Pornographic "spam" e-mail will have to be clearly labeled by mid-June to allow Internet users to easily filter it out, the Federal Trade Commission announced Wednesday.
Unsolicited pornography will have to bear a label reading "SEXUALLY-EXPLICIT-CONTENT:" in the subject line and the messages themselves will not be allowed to contain graphic material, the FTC said.
Outrage over unsolicited pornography and other forms of unsolicited e-mail spurred Congress to pass the first nationwide anti-spam law last year, which required the FTC to develop labels for smut.
An FTC study released last spring found that 17 percent of pornographic offers contained images of nudity that appeared whether a recipient wanted to see them or not.
The new rule is intended to change that. Pornographers will not be allowed to include sexually explicit pictures in the body of the message, though they will be allowed to include hyperlinks or other methods to access their material.
Like other e-mail marketers, they will also be required to include their postal address and an easy way to opt out of future mailings.
Several states have already passed laws requiring pornographic spam to bear an "ADV:ADULT" label or some variant, but they will be overridden by the federal standard.
The FTC determined the "adult" tag was too vague as it could apply to gambling or tobacco, an official said.
"Lots of things are appropriate for adults that aren't appropriate for children," said FTC Assistant Director Allen Hile.
The hyphenated "SEXUALLY-EXPLICIT-CONTENT:" label, while ungrammatical, will make it easier to block explicit content while letting through messages from anti-pornography groups or others who may use the phrase, the FTC said in its notice.
The public will have three weeks to comment on the proposal, which is due to take effect in mid-June.

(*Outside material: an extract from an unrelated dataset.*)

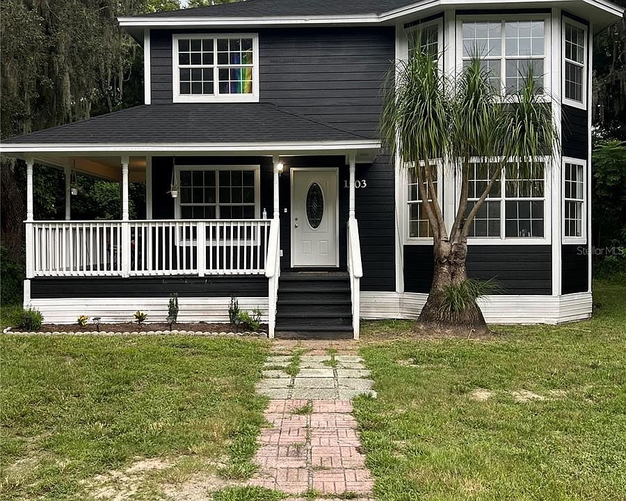 Take a look at this Jim Walter Victorian Style House, they no longer make them and you would be the proud tenant of a beautiful story and community. Updated flooring downstair, professionally cleaned carpets and updated ceiling fans. LOCATION is key! If you are looking to be 9 minutes away from The Villages area at Brownwood, 5 minutes away from Publix, Walmart, Fast Food Restaurant, 2 minutes from AMF Bowling, 20 minutes away from Leesburg Mall, Lake Sumter Landing, Lady Lake and it's right on the Fruitland Park city limit, plus so much more. You have to see all the beautiful features, wrap around porch to the left of the home, beautiful modern outside paint done 2024, New 2023 Roof, inside vinyl flooring all through out the first floor for an easy clean, carpet only on the stairs and in the 3 bedrooms for a cozy feel. Plenty of storage room under the stair and attic, 2 and a half bathrooms, laundry with washer, dryer included, beautiful hexagon window feature downstairs and in master bedroom, walk in closet in master bath, not to mention the room itself is very spacious. The home is located on .27 acres and is surrounded by beautiful trees and flowers making it a private and serene space. It has been the perfect spot for entertaining and BBQ. You have to come see this gem, schedule your private showing today!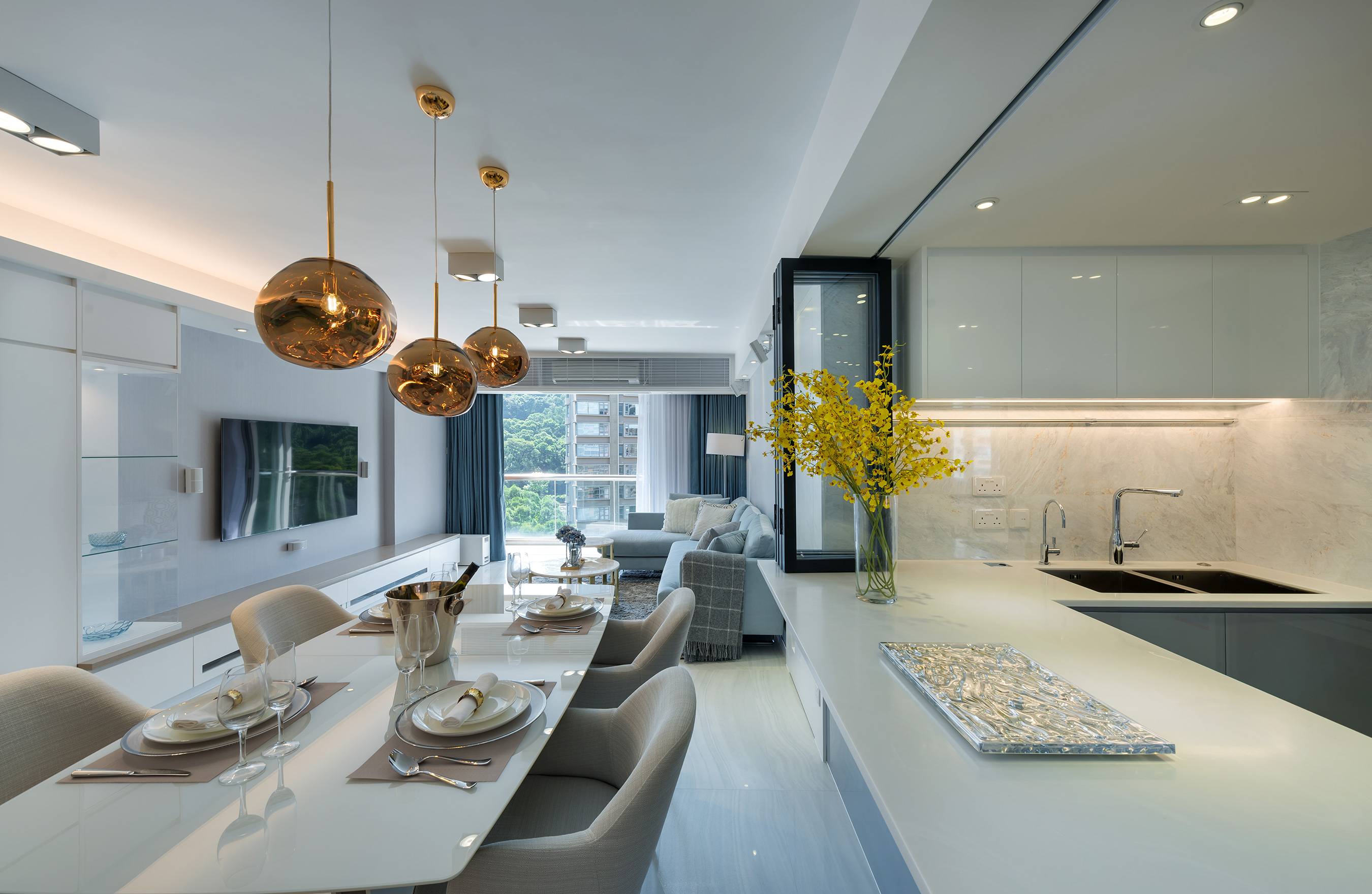 设计师尝试为聚龙居项目打造互动可变的室内空间。透过将厨房固有封闭式空间改为富机动性的框架组合,让居住者可以因应不同需要而调整合适场景。单位以现代风格融合简约花线设计,为室内空间营造既摩登时尚,又不失优雅的温馨氛围。

Hile said the agency is especially interested to hear whether the measure will encounter any technical hurdles. Free-speech arguments will carry less weight as the agency has been directed by Congress to develop the labels, he said.
"We don't have a whole lot of discretion in this," Hile said. "I guess we can't prevent commenters from saying, 'What a stupid idea,' or 'It violates the Constitution' or whatever, but we can't do anything with that."